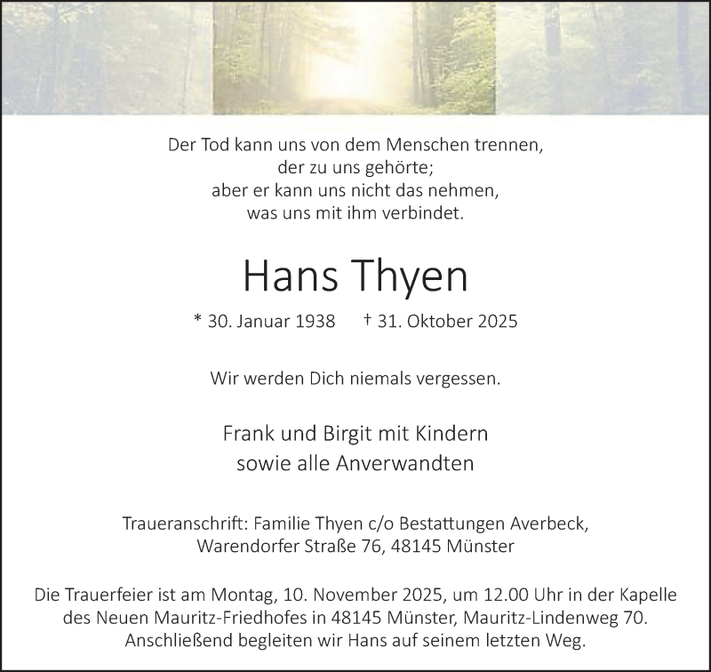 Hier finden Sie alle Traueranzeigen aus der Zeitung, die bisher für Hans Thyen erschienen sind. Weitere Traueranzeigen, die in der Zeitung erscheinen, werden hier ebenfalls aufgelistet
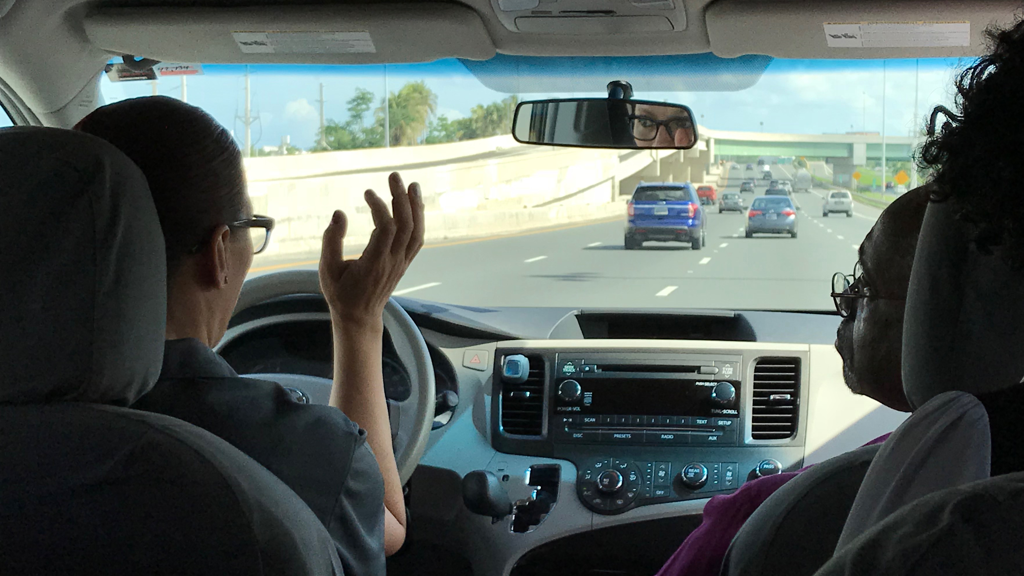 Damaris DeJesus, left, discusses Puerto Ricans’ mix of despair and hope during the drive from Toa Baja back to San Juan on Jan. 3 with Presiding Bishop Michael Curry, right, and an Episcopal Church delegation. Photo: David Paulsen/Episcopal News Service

·····

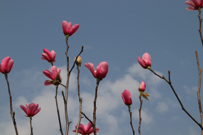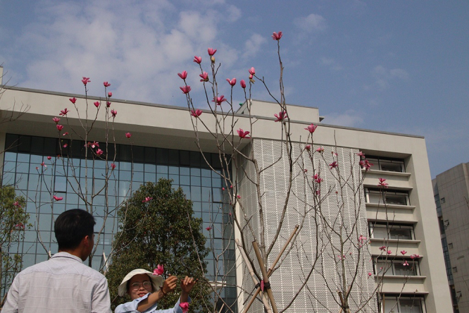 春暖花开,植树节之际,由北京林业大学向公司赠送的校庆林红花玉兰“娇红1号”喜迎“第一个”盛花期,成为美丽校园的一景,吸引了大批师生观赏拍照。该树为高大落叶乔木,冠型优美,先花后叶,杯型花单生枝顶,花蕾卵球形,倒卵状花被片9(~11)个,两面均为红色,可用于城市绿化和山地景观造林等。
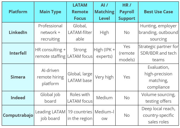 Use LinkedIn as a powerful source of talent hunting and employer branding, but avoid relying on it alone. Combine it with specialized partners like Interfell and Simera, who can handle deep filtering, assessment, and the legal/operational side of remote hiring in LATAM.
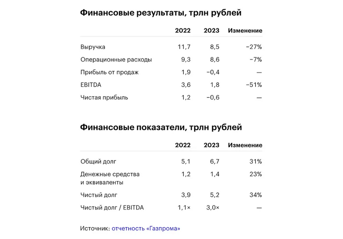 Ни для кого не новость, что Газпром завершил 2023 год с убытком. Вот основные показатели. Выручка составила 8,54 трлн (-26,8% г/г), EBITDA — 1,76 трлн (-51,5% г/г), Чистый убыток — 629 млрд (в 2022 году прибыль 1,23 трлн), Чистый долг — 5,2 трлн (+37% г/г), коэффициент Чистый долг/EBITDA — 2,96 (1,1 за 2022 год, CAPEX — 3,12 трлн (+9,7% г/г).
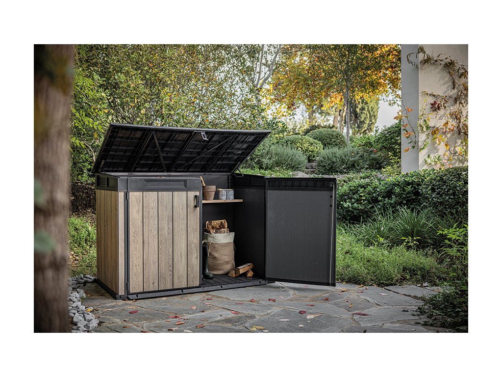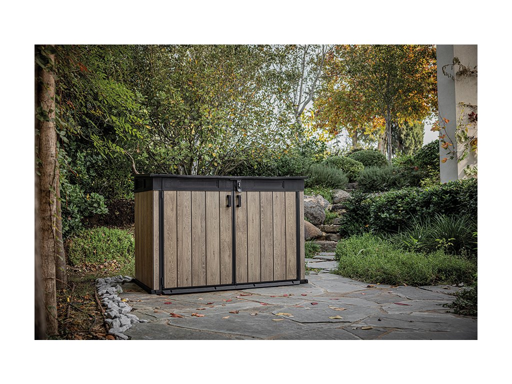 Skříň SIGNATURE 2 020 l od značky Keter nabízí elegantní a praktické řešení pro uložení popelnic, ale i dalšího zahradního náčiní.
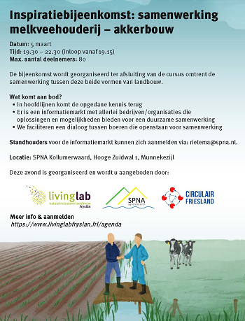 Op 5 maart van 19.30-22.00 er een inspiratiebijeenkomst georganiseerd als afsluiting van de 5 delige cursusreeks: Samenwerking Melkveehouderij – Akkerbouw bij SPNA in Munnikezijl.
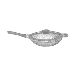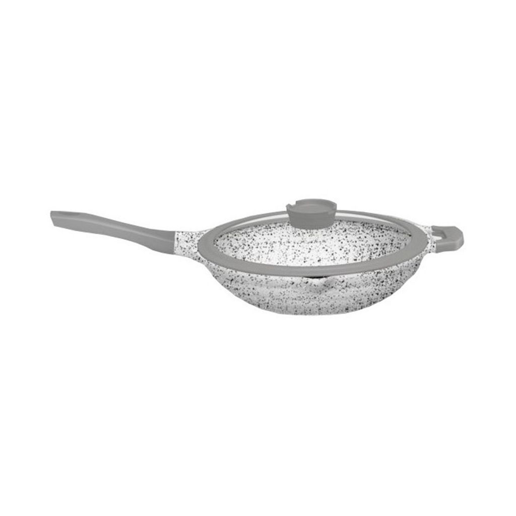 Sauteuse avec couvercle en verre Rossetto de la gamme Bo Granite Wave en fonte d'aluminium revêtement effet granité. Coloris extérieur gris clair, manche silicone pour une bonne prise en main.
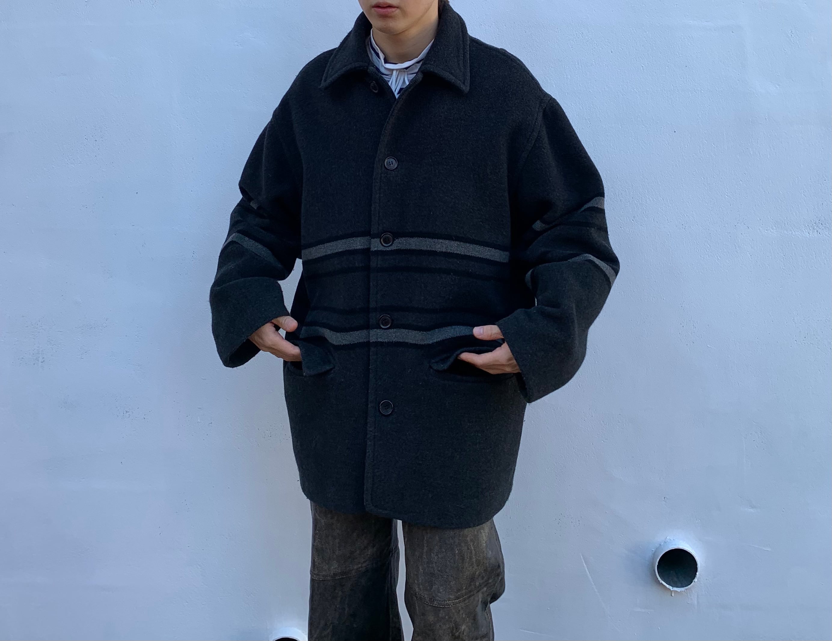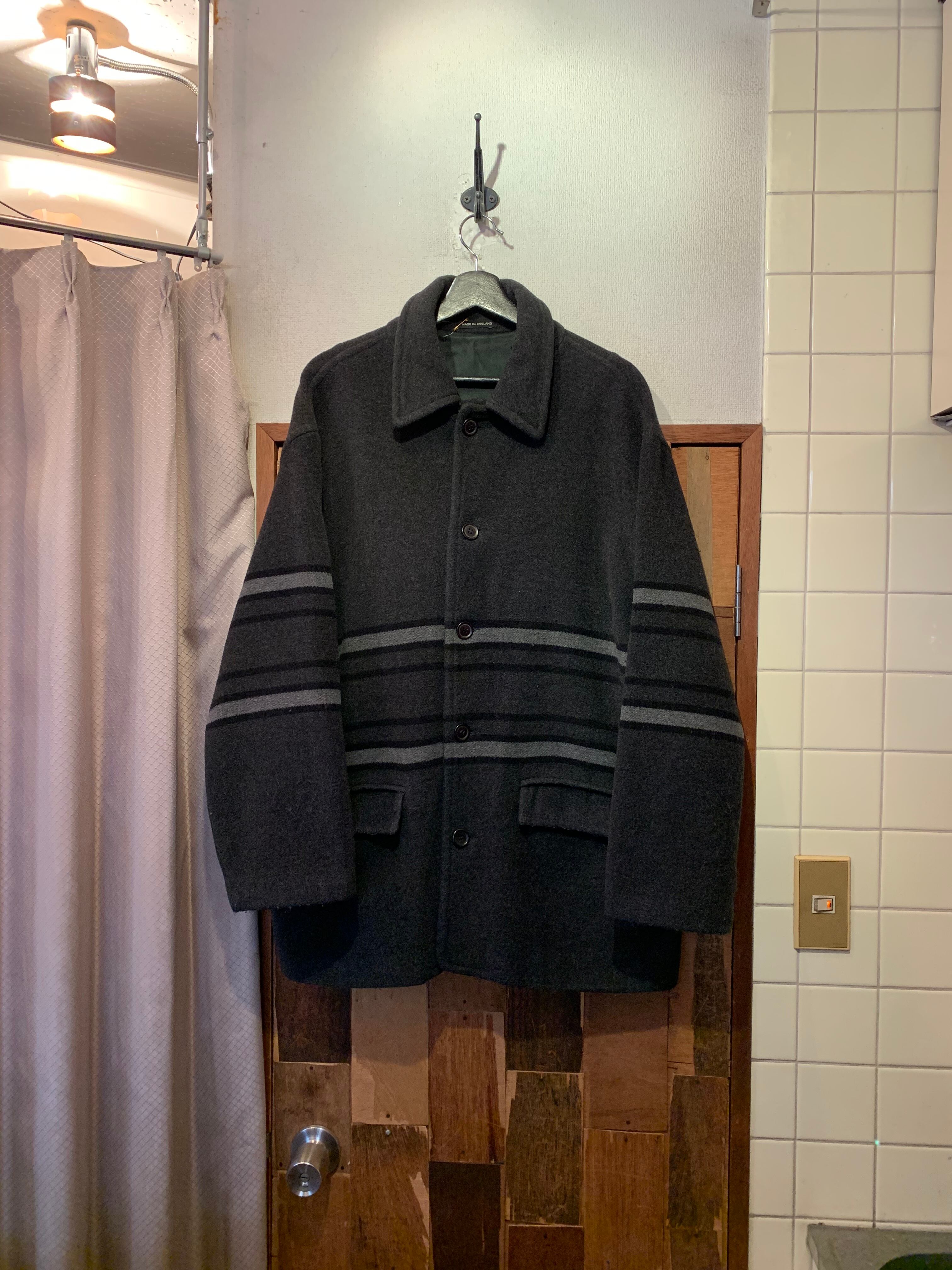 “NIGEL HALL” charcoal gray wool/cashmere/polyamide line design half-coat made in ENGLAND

·····

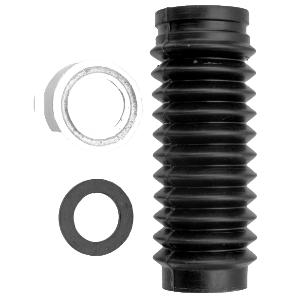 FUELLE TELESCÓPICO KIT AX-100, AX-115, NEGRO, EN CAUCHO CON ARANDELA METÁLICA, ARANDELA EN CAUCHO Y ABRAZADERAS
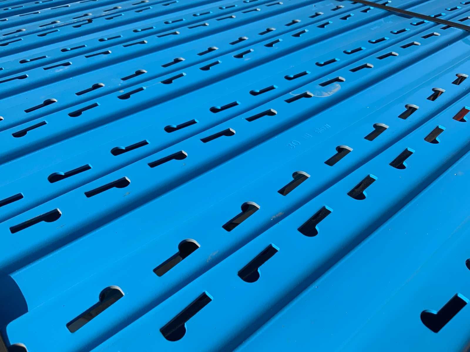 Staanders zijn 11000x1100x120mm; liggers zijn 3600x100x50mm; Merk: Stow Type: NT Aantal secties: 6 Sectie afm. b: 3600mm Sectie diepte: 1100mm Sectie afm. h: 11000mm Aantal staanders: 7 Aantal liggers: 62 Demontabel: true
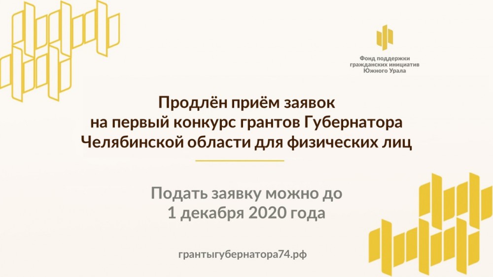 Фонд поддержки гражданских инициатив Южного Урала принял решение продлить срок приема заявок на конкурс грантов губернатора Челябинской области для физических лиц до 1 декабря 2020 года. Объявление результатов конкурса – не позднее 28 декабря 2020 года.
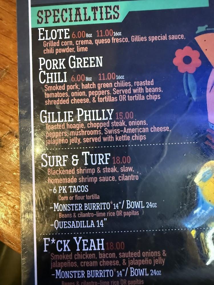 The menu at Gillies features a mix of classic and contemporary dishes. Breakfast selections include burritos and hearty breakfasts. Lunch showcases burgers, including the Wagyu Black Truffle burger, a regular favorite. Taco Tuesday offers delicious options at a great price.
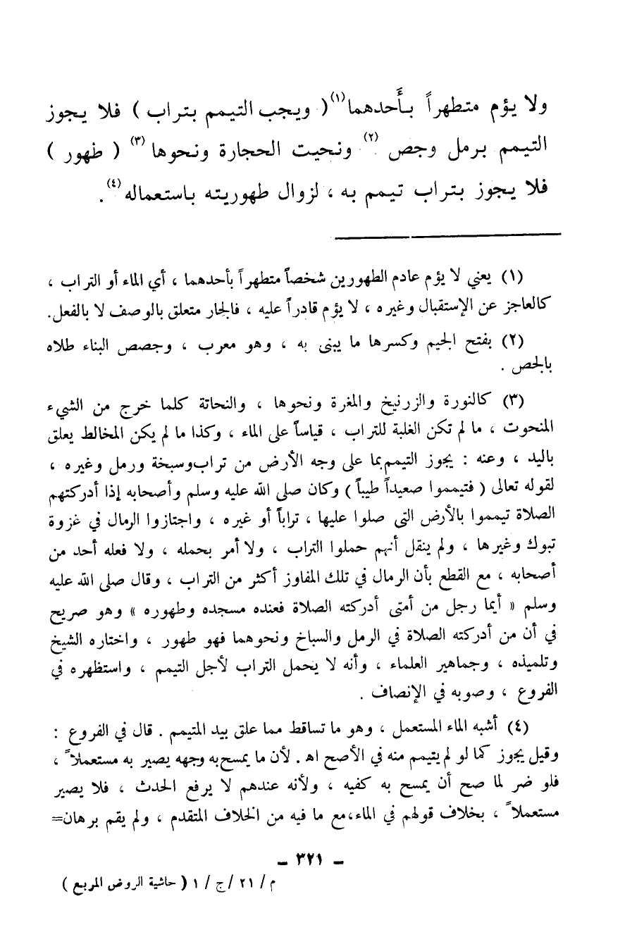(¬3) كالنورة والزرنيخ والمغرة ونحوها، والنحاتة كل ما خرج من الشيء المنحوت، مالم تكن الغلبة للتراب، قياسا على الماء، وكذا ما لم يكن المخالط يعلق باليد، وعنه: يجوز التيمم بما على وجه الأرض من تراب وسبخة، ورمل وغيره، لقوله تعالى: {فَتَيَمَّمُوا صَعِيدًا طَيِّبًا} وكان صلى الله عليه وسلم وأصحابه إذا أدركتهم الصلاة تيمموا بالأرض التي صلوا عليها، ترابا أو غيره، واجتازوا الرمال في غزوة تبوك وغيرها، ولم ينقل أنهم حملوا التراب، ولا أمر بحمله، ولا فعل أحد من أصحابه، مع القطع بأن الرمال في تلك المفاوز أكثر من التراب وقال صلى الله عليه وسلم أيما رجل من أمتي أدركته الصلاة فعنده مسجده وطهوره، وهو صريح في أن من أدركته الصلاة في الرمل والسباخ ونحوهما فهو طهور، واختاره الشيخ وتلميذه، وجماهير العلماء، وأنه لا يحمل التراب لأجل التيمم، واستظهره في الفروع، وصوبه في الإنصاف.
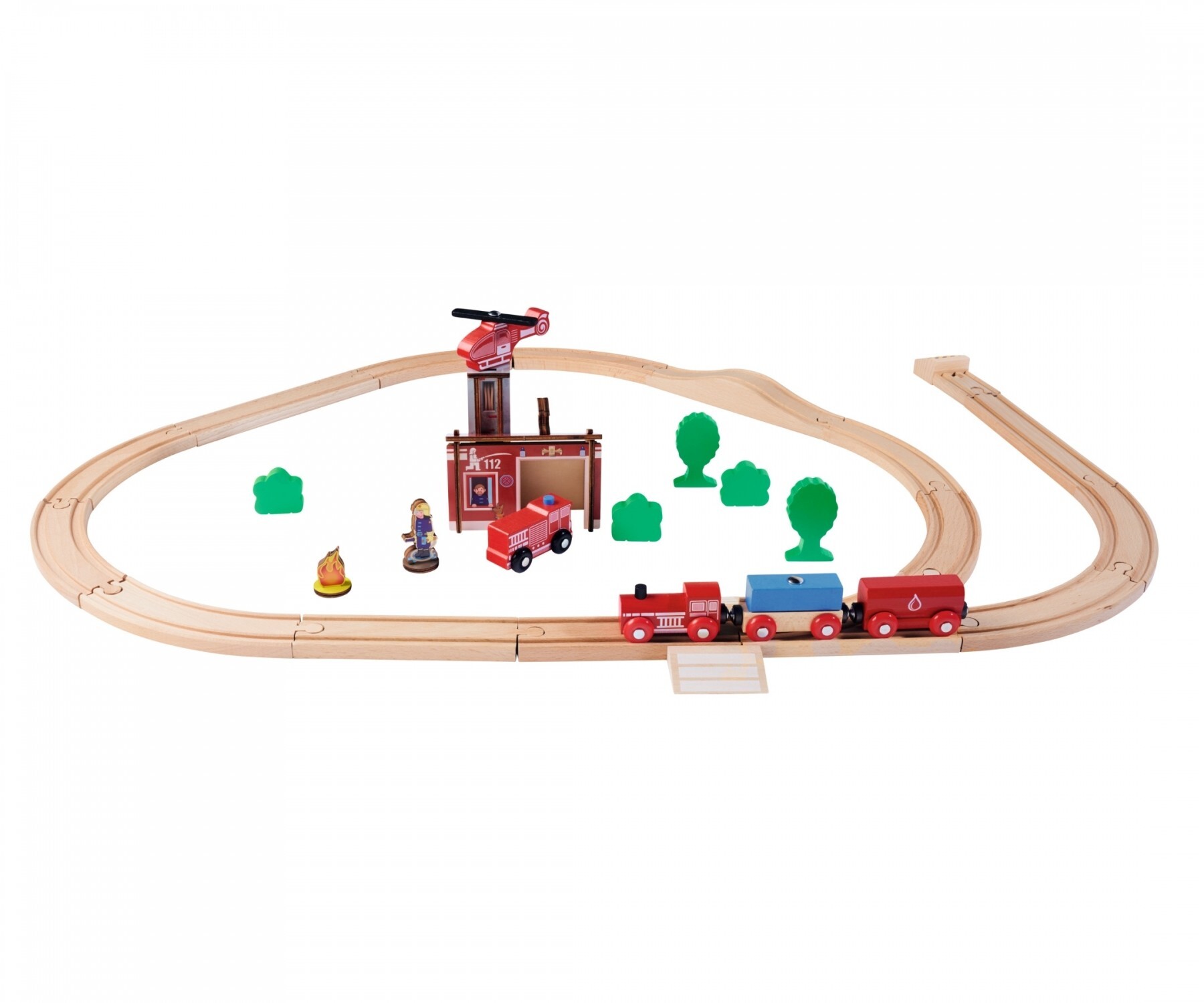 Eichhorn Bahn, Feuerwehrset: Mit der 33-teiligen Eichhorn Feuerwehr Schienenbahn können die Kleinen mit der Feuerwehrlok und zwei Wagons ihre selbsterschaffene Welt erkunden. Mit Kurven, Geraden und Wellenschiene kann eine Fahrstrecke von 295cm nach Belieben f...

·····

_TASK DESCRIPTION_
From the listing above, repeat only the lines between the line containing "Use LinkedIn as" and the line containing "Skříň SIGNATURE 2", those two included. Pictures are not part of the copy.

_EXPECTED OUTPUT_
 Use LinkedIn as a powerful source of talent hunting and employer branding, but avoid relying on it alone. Combine it with specialized partners like Interfell and Simera, who can handle deep filtering, assessment, and the legal/operational side of remote hiring in LATAM.
 Ни для кого не новость, что Газпром завершил 2023 год с убытком. Вот основные показатели. Выручка составила 8,54 трлн (-26,8% г/г), EBITDA — 1,76 трлн (-51,5% г/г), Чистый убыток — 629 млрд (в 2022 году прибыль 1,23 трлн), Чистый долг — 5,2 трлн (+37% г/г), коэффициент Чистый долг/EBITDA — 2,96 (1,1 за 2022 год, CAPEX — 3,12 трлн (+9,7% г/г).
 Skříň SIGNATURE 2 020 l od značky Keter nabízí elegantní a praktické řešení pro uložení popelnic, ale i dalšího zahradního náčiní.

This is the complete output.